管理職のプロとは何か、私の体験から考察しました。

管理職の仕事

プロフェッショナルとアマチュアの違いは何でしょうか? プロになるには10,000時間が必要だと言われます。10,000時間と言えば、1日8時間ならば 1250日。月に20日ならば62ヶ月。1年は12ヶ月だから、5年と少々。

私はソフトウェアエンジニアとして社会人になり、ファームウェアの開発を4年ほど行いました。本格的なプログラミングは会社に入ってからOJT(On the Job Training :オンザジョブトレーニング)で学びました。研修期間も含めるとこれはプロにはなれなかったかもしれません。
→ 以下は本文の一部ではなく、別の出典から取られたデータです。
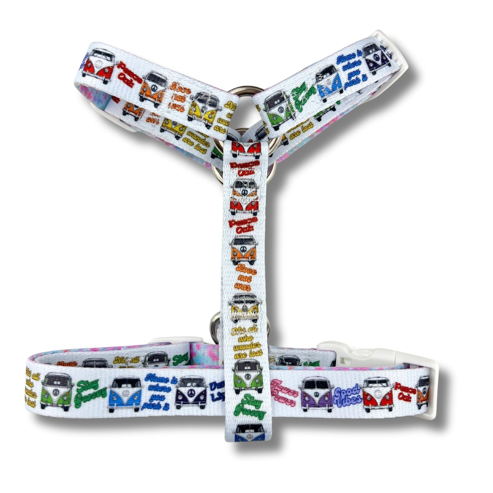Let your pup shine in style with the Hippy Van Life strap harness! Perfect for free spirits and flower power adventurers! Drenched in retro colours and good vibes, this lightweight harness keeps your furry friend comfy and secure, whether they’re cruising in the van, strolling through the park, or spreading peace and love wherever they go.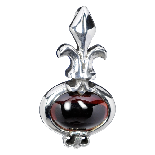 Hele mooie 925 Sterling zilveren granaathanger met een Franse lelie, ook wel Fleur de lis.

それからさまざまな楽器の音をサンプリングして電子楽器の音源を作る音作りの仕事を7年やりました。さまざまな楽器の音を一音一音録音します。録音スタジオやホールなどへ出かけて録音しました。初めての経験なので、スタジオのエンジニアや音楽ディレクターの方といっしょに録音をしました。音楽の録音とは異なるので、エンジニアやディレクターの方たちも試行錯誤でした。

録音したデータはパソコンに取り込んで加工します。加工のやり方も試行錯誤でした。会社のスタジオにこもって一人で一日中繰り返し行っていました。この仕事も独学とOJT。これはプロになったと自信を持って言えます。

そして管理職になりました。マネジメントの仕事です。管理職は15年以上やりました。経験としては管理職もプロになったわけですが、さて管理職のプロっていったいなんでしょうか。

年功序列の時代は、管理職とは、業績を上げた社員を登用するポストでした。管理職はランクがつけられ、その階段を登っていくのがサラリーマンの出世コースでした。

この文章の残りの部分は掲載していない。